• _Work to complete_
Only the text of the records belongs in the answer, copied exactly and without pictures.
****************************************
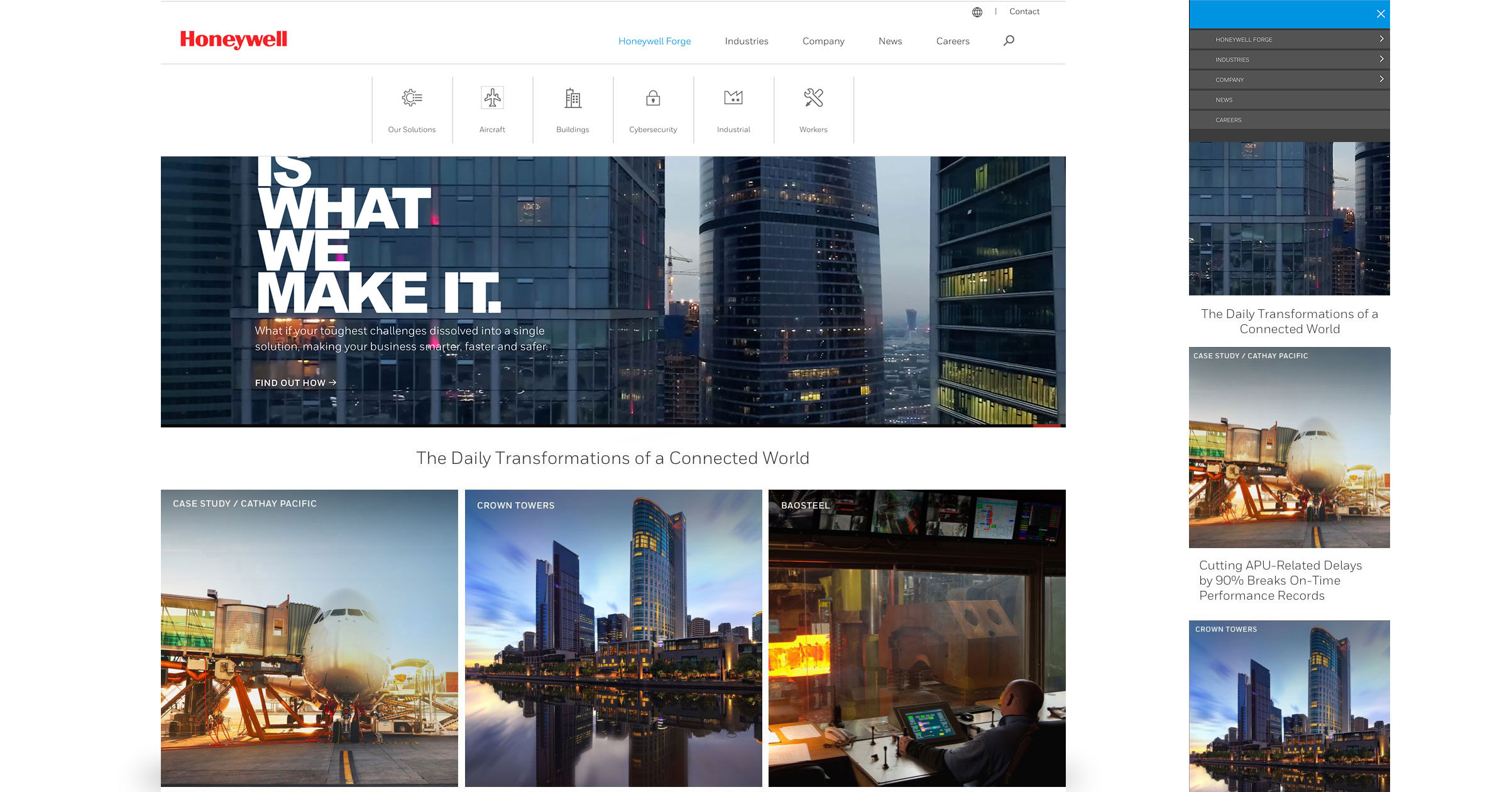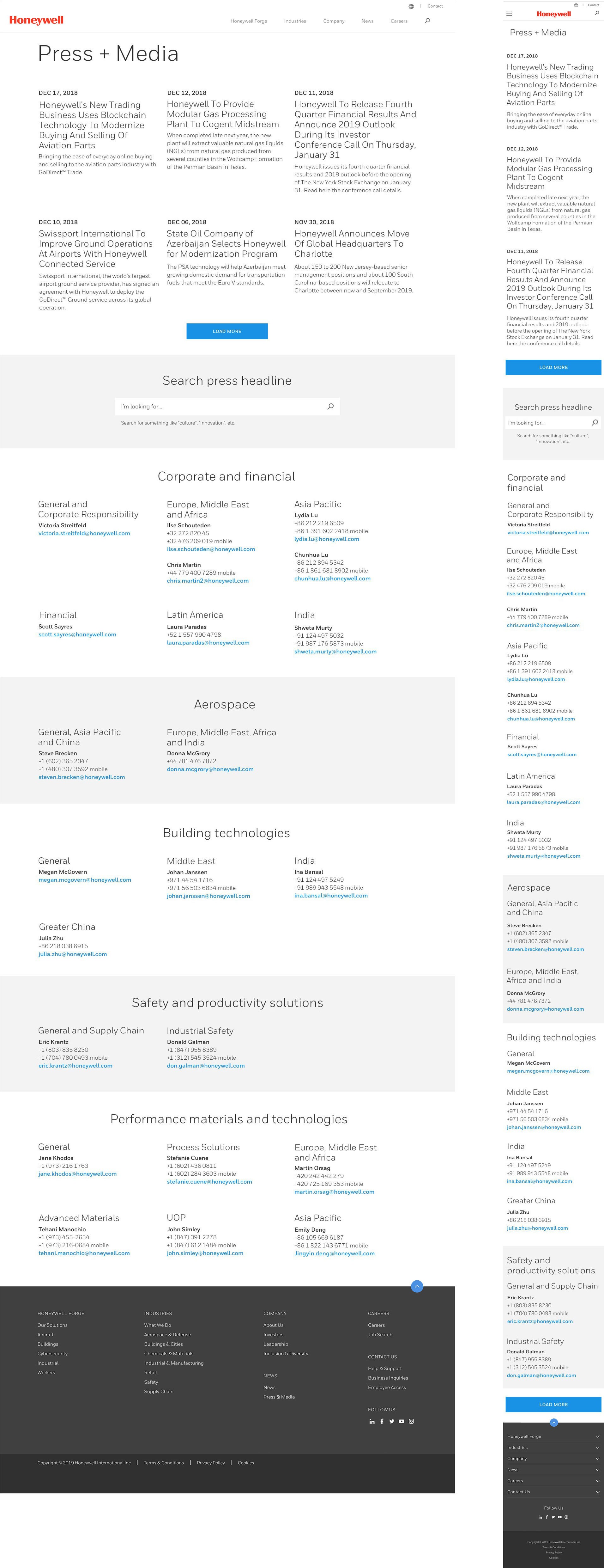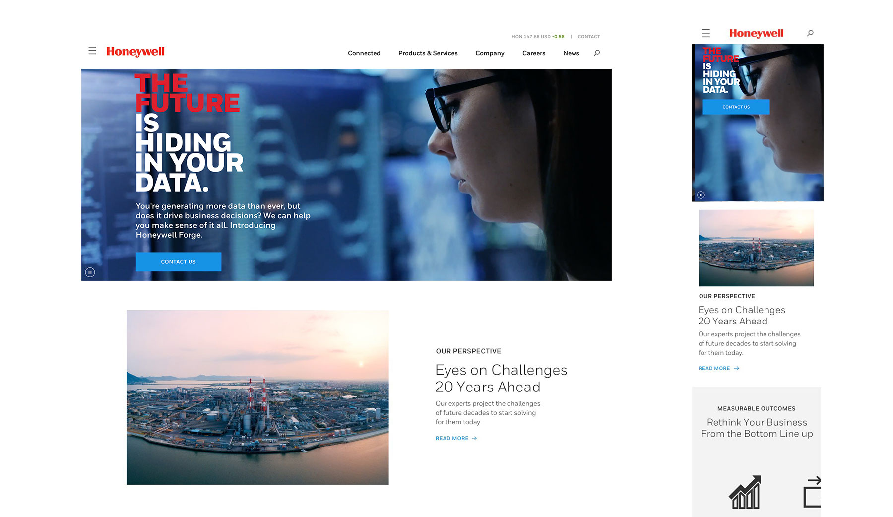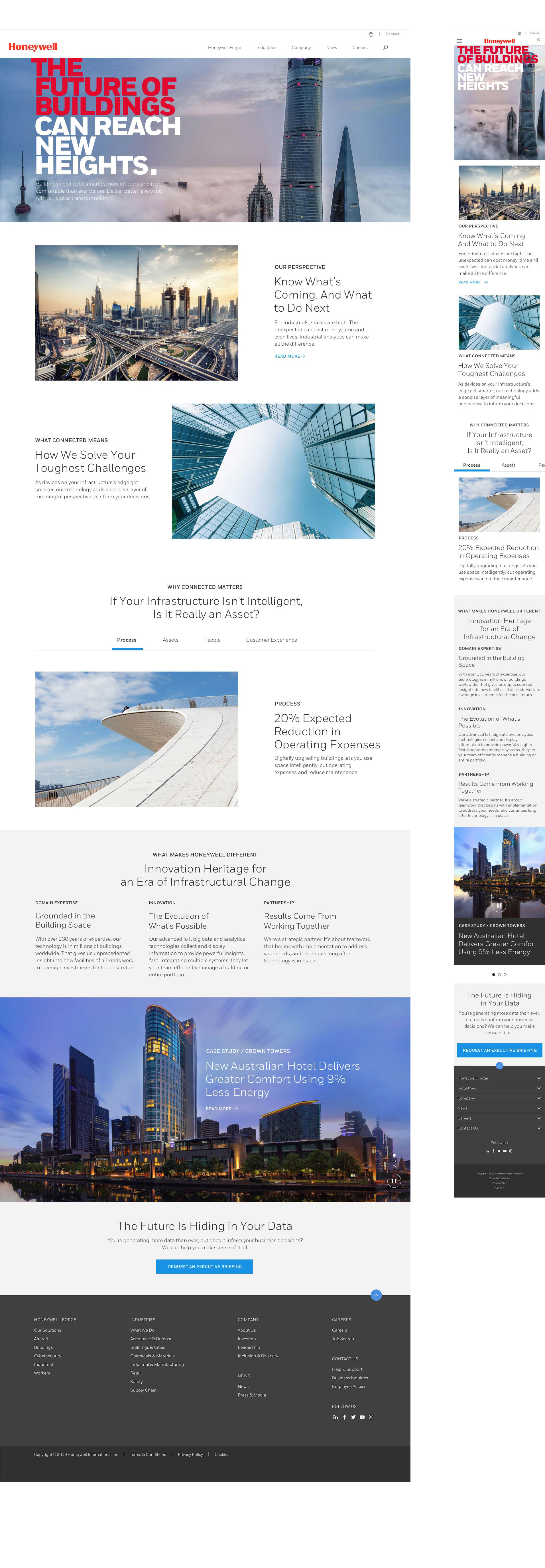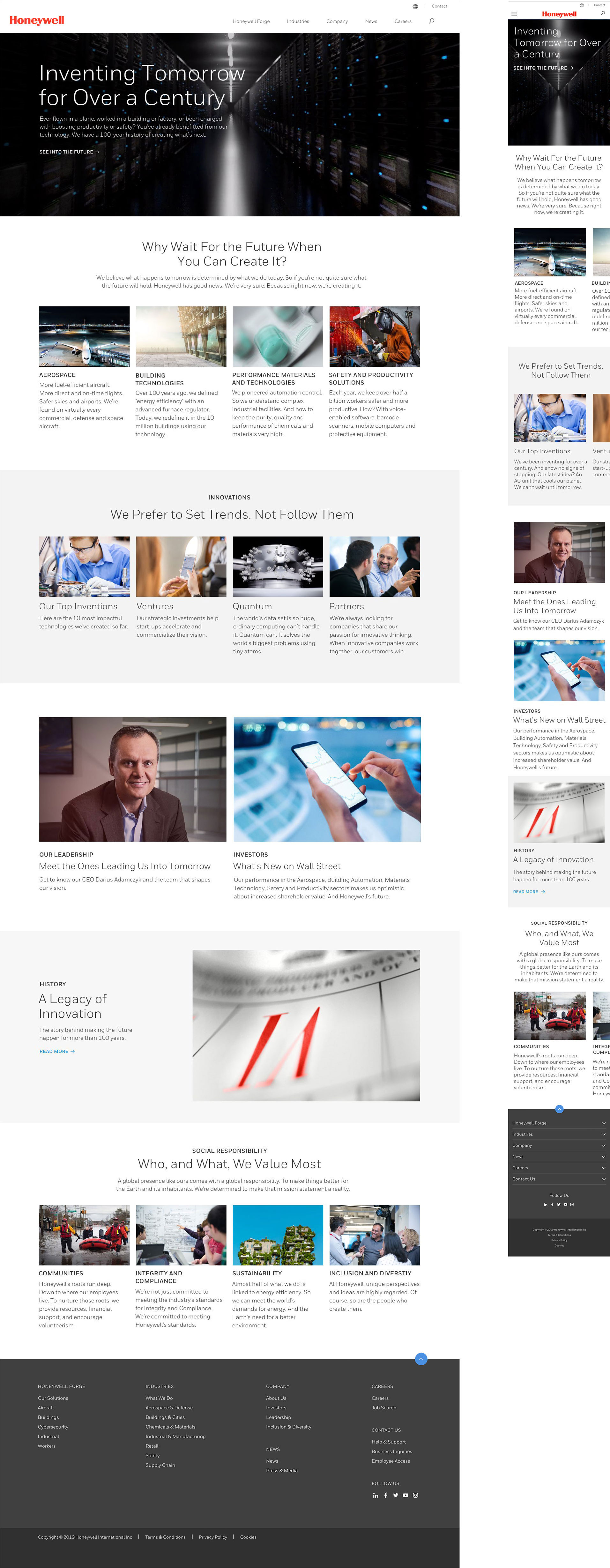 In parallel with Honeywell's industrial safety site, I also designed pages for the new honeywell.com site, utilizing the same system of components and creating new ones as different layout needs arose.
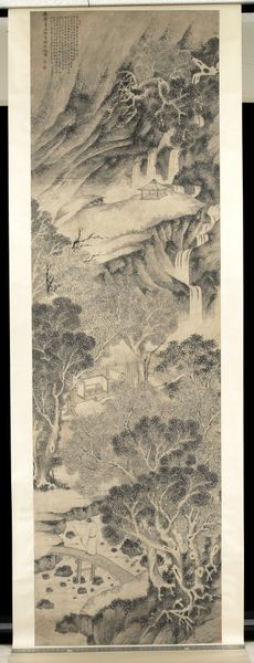 Editor: This ink painting, "Landscape with Pines in the Manner of Wang Hui," is attributed to Okada Hankō around the 19th century. The meticulous brushstrokes depicting the trees and mountains are incredible. It almost feels like a stage set. What can you tell me about how it's put together? Curator: This work offers an interesting insight into the artist's labor and materials. Note the deliberate choices of ink density and brushstroke; how do they serve not just representation, but also tactile engagement with the paper's surface? Consider too how the "Manner of Wang Hui" invokes a specific artistic lineage. It suggests that skill is not solely about individual talent but also about adherence to certain production methods. Editor: So, you're saying the "manner" isn't just about style but a commitment to specific labor practices, as well? The use of ink here really emphasizes this careful and perhaps disciplined style. Curator: Exactly! This invokes the role of the artist, their workshop system, and even the specific tools employed – the types of brushes, inkstones, and the sourcing of paper. These details shape our understanding of value. We can also speculate about who commissioned this work, considering their socioeconomic status and appreciation for such displays of practiced skill. Does that add to how you view the piece now? Editor: I think it gives context to why an artist would so carefully adhere to certain traditional means, thinking of the patron and marketplace definitely adds new dimension. Curator: And perhaps this also challenges any romantic notion of artistic genius! We see an integration of artistic expression within established systems of patronage, labor, and production. Editor: That’s fascinating! It encourages you to think of artistic skill more like craftsmanship, and less like innate talent. I will definitely reflect more on the production of the art. Curator: Indeed! Materiality invites us to critically examine what we consume and the value we assign to these creations.
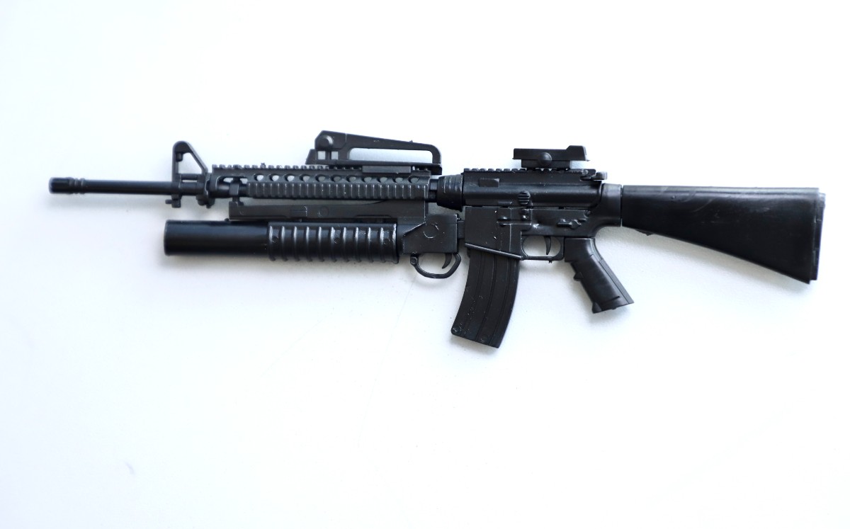 A primera vista, el rifle parece un M162A2 con lanzagranadas incluido. Tiene hasta el sello “Made in USA” y la marca Colt impresos en el dorso, pero aunque este rifle sí puede matar y dispara granadas de 40 milímetros que seguramente harían volar un vehículo blindado, no todo es como parece: en el cañón dice “Launcher Granade” (sic). Está mal escrito en inglés.
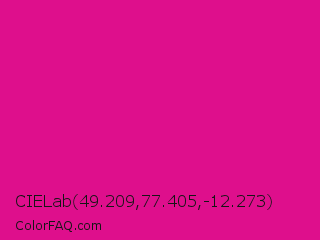 CIELab 49.209,77.405,-12.273 Color is a normal magenta color and the nearest color is Barbie Pink #e0218a. Hex code #de0f8c and RGB value is rgb(222,15,140). In RGB color space, this color is composed of 87% red, 6% green, 55% blue, In CMYK color space, this color is composed of 0% cyan, 93% magenta, 37% yellow , 13% black , In HSL color space, this color has a hue angle of 324° , 87% saturation and 46% lightness.
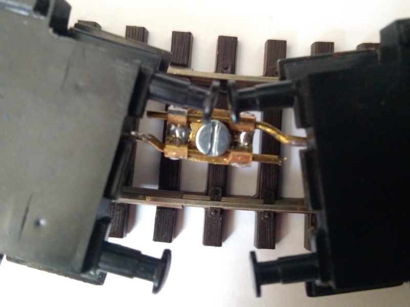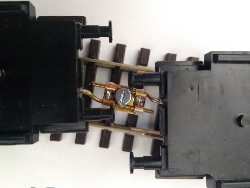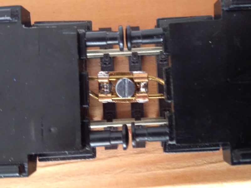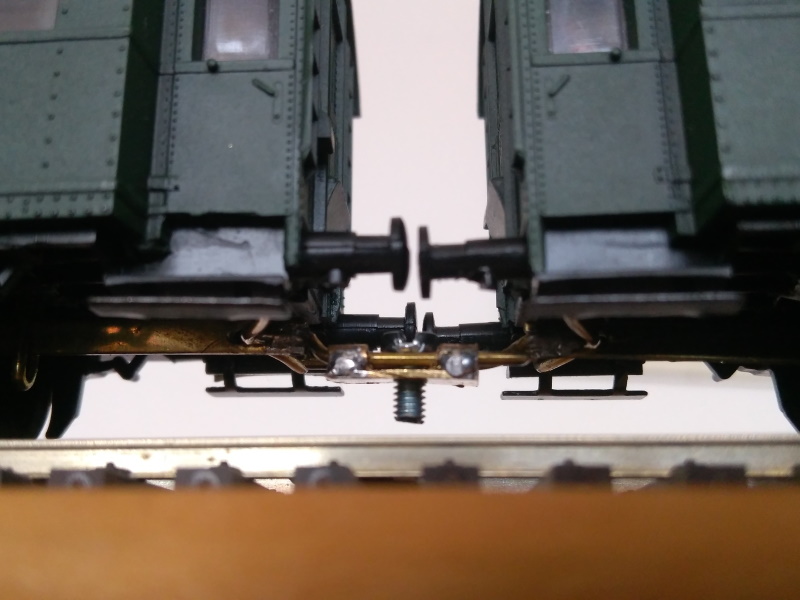 Da sich das Verbindungsstück nicht bewährte, habe ich eine andere Lösung getestet - ein Stück Messing mit 4 Hülsen zur Führung der Deichseldrähte. Eine Schraube verspannt dann beide Drähte (wird noch gekürzt). Diese Lösung funktioniert deutlich besser, das Verbindungsstück kann sich nicht mehr wegdrehen. Der Abstand der Wagen darf nicht zu knapp eingestellt werden, da es sonst beim Schieben in der Kurve z.B. beim Rangieren zum Verhakeln der Puffer kommt. Das Verhalten beim Durchfahren der S-Kurve zeigt einen Extremfall mit R=360.
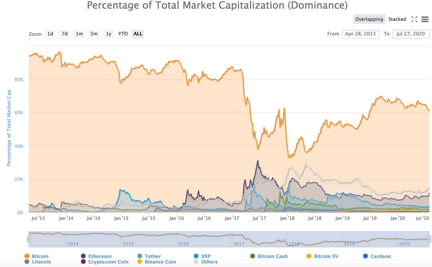 The total value of issued crypto-currency fluctuates quite a bit, but in the first half of 2020, it has been in the ballpark of $250B. As of July 17th, it was ~$270B. When one considers that mutual funds and ETFs are each multi-trillion dollar industries, crypto as an asset class is still tiny, but it punches above its weight in media attention and investor interest. The most recent example of this has been the admission by hedge fund investor Paul Tudor Jones that he has 2% of his portfolio allocated to Bitcoin.
****************************************
• _Written answer_
 In parallel with Honeywell's industrial safety site, I also designed pages for the new honeywell.com site, utilizing the same system of components and creating new ones as different layout needs arose.
 Editor: This ink painting, "Landscape with Pines in the Manner of Wang Hui," is attributed to Okada Hankō around the 19th century. The meticulous brushstrokes depicting the trees and mountains are incredible. It almost feels like a stage set. What can you tell me about how it's put together? Curator: This work offers an interesting insight into the artist's labor and materials. Note the deliberate choices of ink density and brushstroke; how do they serve not just representation, but also tactile engagement with the paper's surface? Consider too how the "Manner of Wang Hui" invokes a specific artistic lineage. It suggests that skill is not solely about individual talent but also about adherence to certain production methods. Editor: So, you're saying the "manner" isn't just about style but a commitment to specific labor practices, as well? The use of ink here really emphasizes this careful and perhaps disciplined style. Curator: Exactly! This invokes the role of the artist, their workshop system, and even the specific tools employed – the types of brushes, inkstones, and the sourcing of paper. These details shape our understanding of value. We can also speculate about who commissioned this work, considering their socioeconomic status and appreciation for such displays of practiced skill. Does that add to how you view the piece now? Editor: I think it gives context to why an artist would so carefully adhere to certain traditional means, thinking of the patron and marketplace definitely adds new dimension. Curator: And perhaps this also challenges any romantic notion of artistic genius! We see an integration of artistic expression within established systems of patronage, labor, and production. Editor: That’s fascinating! It encourages you to think of artistic skill more like craftsmanship, and less like innate talent. I will definitely reflect more on the production of the art. Curator: Indeed! Materiality invites us to critically examine what we consume and the value we assign to these creations.
 A primera vista, el rifle parece un M162A2 con lanzagranadas incluido. Tiene hasta el sello “Made in USA” y la marca Colt impresos en el dorso, pero aunque este rifle sí puede matar y dispara granadas de 40 milímetros que seguramente harían volar un vehículo blindado, no todo es como parece: en el cañón dice “Launcher Granade” (sic). Está mal escrito en inglés.
 CIELab 49.209,77.405,-12.273 Color is a normal magenta color and the nearest color is Barbie Pink #e0218a. Hex code #de0f8c and RGB value is rgb(222,15,140). In RGB color space, this color is composed of 87% red, 6% green, 55% blue, In CMYK color space, this color is composed of 0% cyan, 93% magenta, 37% yellow , 13% black , In HSL color space, this color has a hue angle of 324° , 87% saturation and 46% lightness.
 Da sich das Verbindungsstück nicht bewährte, habe ich eine andere Lösung getestet - ein Stück Messing mit 4 Hülsen zur Führung der Deichseldrähte. Eine Schraube verspannt dann beide Drähte (wird noch gekürzt). Diese Lösung funktioniert deutlich besser, das Verbindungsstück kann sich nicht mehr wegdrehen. Der Abstand der Wagen darf nicht zu knapp eingestellt werden, da es sonst beim Schieben in der Kurve z.B. beim Rangieren zum Verhakeln der Puffer kommt. Das Verhalten beim Durchfahren der S-Kurve zeigt einen Extremfall mit R=360.
 The total value of issued crypto-currency fluctuates quite a bit, but in the first half of 2020, it has been in the ballpark of $250B. As of July 17th, it was ~$270B. When one considers that mutual funds and ETFs are each multi-trillion dollar industries, crypto as an asset class is still tiny, but it punches above its weight in media attention and investor interest. The most recent example of this has been the admission by hedge fund investor Paul Tudor Jones that he has 2% of his portfolio allocated to Bitcoin.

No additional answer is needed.